AI in financial supervision across emerging markets: what's real, what's next
AI is moving into the financial sector across emerging markets and developing economies, but most jurisdictions are still at the early end of adoption. A recent World Bank survey of 27 financial authorities shows a clear trend: expectations are positive, implementation is uneven, and supervision is catching up. The near-term wins are operational, while the bigger lift is governance, data, and skills.
Where financial institutions are using AI today
Among jurisdictions with at least early-stage adoption, three use cases dominate: customer service, fraud detection, and AML/CFT and KYC compliance. These are mature, high-ROI applications that don't require a full rebuild of core systems.
- Customer service chatbots and virtual assistants
- Fraud detection and anomaly flags
- AML/CFT and KYC compliance workflows
In Africa, institutions are more likely to apply AI to credit scoring and underwriting to serve thin-file customers. Compliance pressures and the need to meet requirements more efficiently are accelerating adoption across regions.
How authorities are adopting AI
Authorities are testing AI, but most are not yet using it for core supervisory tasks. A minority are piloting tools for data collection, on/off-site supervision, asset quality reviews, and anomaly detection. More common pilots include fraud-related analytics, complaints analysis, and risk and compliance assessments.
Basic GenAI tools are already widespread for drafting and summarisation. Some authorities are exploring AI agents, internal chat tools, and knowledge management. Formal AI use policies are emerging, though only a small share of African authorities report having one in place. Many are mapping supervisory processes to find quick wins, but risk appetite varies by institution.
What's getting in the way
Data is the main constraint. Sensitive data is often fragmented, hard to access, and subject to privacy, security, and localisation rules. Cloud use raises concerns around vendor dependency, sovereignty, and security models.
Legacy infrastructure makes integration costly and slow. Skills gaps are material-especially in Africa-so authorities are working on workforce readiness and targeted hiring. Vendor concentration risk is real, as most depend on a small group of global providers. Consumer risks and model risks-bias, explainability, accuracy, and accountability-are recognised but not fully addressed given the early stage of adoption.
- Top barriers: data privacy and security, internal skills gaps, model risk and validation challenges, and integration with existing systems
For broader context on supervisory issues and AI, see overviews from the BIS Financial Stability Institute and the Financial Stability Board.
Two principles to anchor supervision
First, AI should support-not replace-supervisory judgement. Human supervisors must keep final authority and be able to explain decisions influenced by model outputs.
Second, institutions must understand their models and be accountable for decisions tied to those outputs. Documentation, validation, testing, and clear lines of responsibility are essential.
A pragmatic action plan for authorities (5 steps)
- Governance: Establish board-level oversight that aligns AI initiatives with supervisory objectives and public trust.
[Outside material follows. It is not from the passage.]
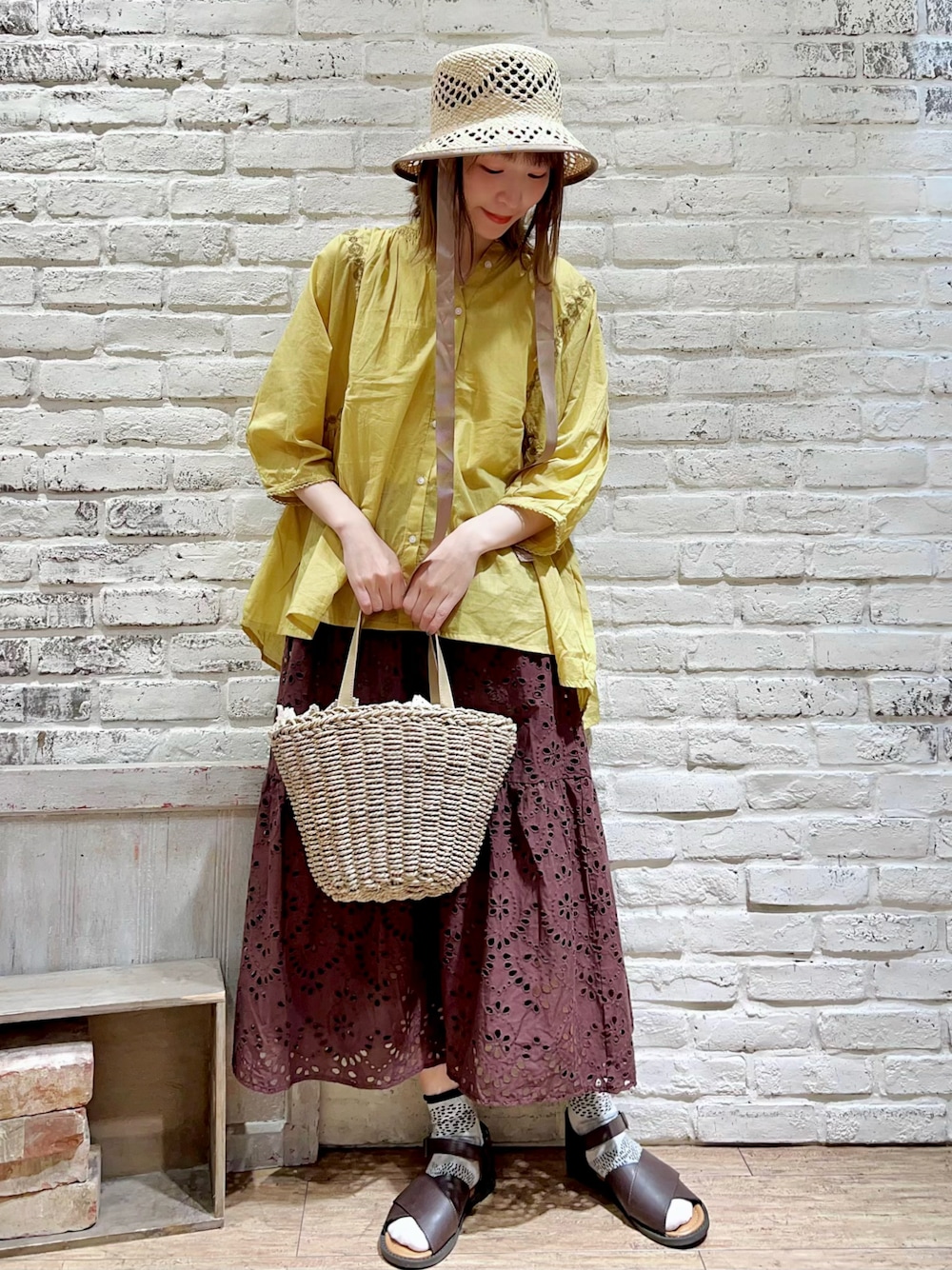 いっしき🐻のハット「リボンテープ付透かしバケットハット」を使ったコーディネート

- Infrastructure: Build integrated IT and data foundations that can support AI at scale, including clear approaches to cloud integration.
- Talent: Develop repeatable hiring, upskilling, and retention programs. Pair domain expertise with data science, engineering, and model risk skills inside supervision teams.
- Monitoring and risk assessment: Systematically track AI adoption and risks across institutions, bridge data gaps, and update supervisory methodologies.
- Collaboration: Coordinate domestically and internationally to reduce fragmentation and regulatory arbitrage and to manage cross-border risks.
Implications for financial institutions
Expect supervisors to ask for stronger model governance, better data lineage, and clearer explainability. Be ready to show how AI decisions are monitored, validated, and corrected. Clarify cloud strategies, vendor controls, and incident response for AI-enabled services.
Institutions with credible documentation and human-in-the-loop controls will move faster through approvals and audits. Those that treat AI like any other high-risk model-backed by rigorous testing and accountability-will save time and avoid rework.
What to prioritize in the next 12 months
- For authorities: publish internal AI policies, select two to three supervisory use cases with clear KPIs, and launch pilot-to-production pathways with audit trails.
- For institutions: tighten model lifecycle management, extend compliance controls to AI workflows, and stress-test data and vendor dependencies.
Upskilling: build the bench you'll need
Practical skills matter more than slide decks. Focus on data engineering for supervisory datasets, MLOps for auditable workflows, and model risk management for explainability and bias. If you're mapping training paths by role, explore curated options for finance teams and supervisors.
Helpful starting points: curated AI courses by job and a snapshot of AI tools for finance.
Bottom line
AI adoption in supervision is moving from interest to execution. The quickest progress will come from a tight loop: choose focused use cases, build on solid data and controls, develop the right skills, and hold both institutions and models accountable. That's how authorities and markets get the benefits without inviting new risks.